**Description of the task**
After finding "Suzanne Kalan’s one-of-a-kind" in the data, write out its line and all following lines without change, up to and including the last one. Leave out pictures.

**Given data**
------------------------------------------------

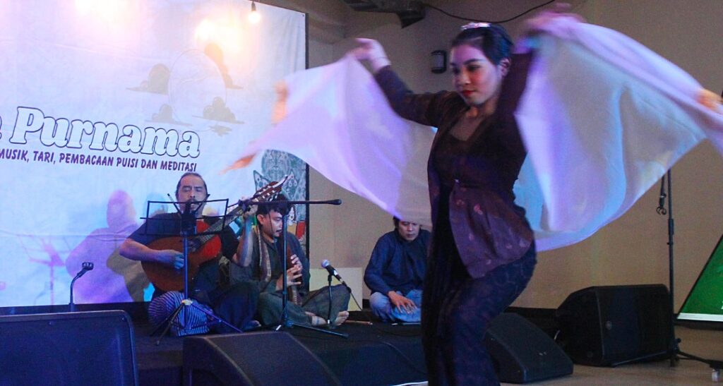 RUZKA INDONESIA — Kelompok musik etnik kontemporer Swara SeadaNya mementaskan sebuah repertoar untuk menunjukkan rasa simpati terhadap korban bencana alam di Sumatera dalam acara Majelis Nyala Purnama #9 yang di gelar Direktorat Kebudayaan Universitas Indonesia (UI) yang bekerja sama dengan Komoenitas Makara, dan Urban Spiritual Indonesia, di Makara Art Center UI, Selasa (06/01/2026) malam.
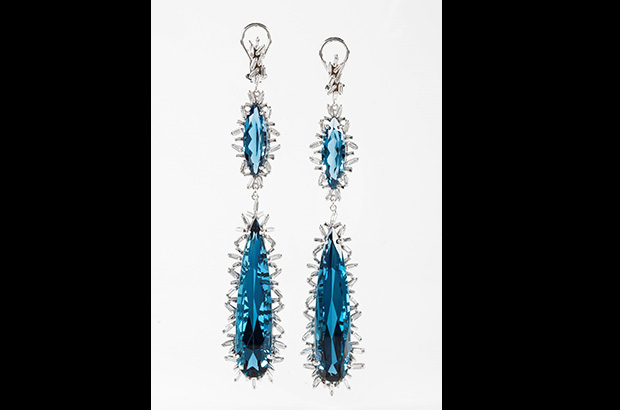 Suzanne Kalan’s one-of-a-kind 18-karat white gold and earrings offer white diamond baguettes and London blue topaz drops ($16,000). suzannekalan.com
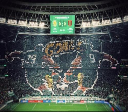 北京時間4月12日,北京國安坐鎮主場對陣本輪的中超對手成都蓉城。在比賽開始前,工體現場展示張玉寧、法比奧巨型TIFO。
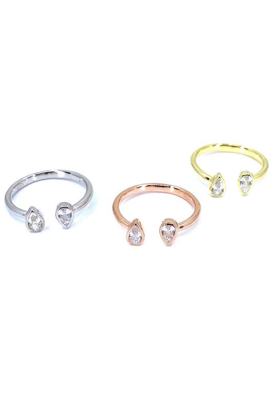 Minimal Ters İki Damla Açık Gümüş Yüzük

------------------------------------------------

**Answer to this exercise**
 Suzanne Kalan’s one-of-a-kind 18-karat white gold and earrings offer white diamond baguettes and London blue topaz drops ($16,000). suzannekalan.com
 北京時間4月12日,北京國安坐鎮主場對陣本輪的中超對手成都蓉城。在比賽開始前,工體現場展示張玉寧、法比奧巨型TIFO。
 Minimal Ters İki Damla Açık Gümüş Yüzük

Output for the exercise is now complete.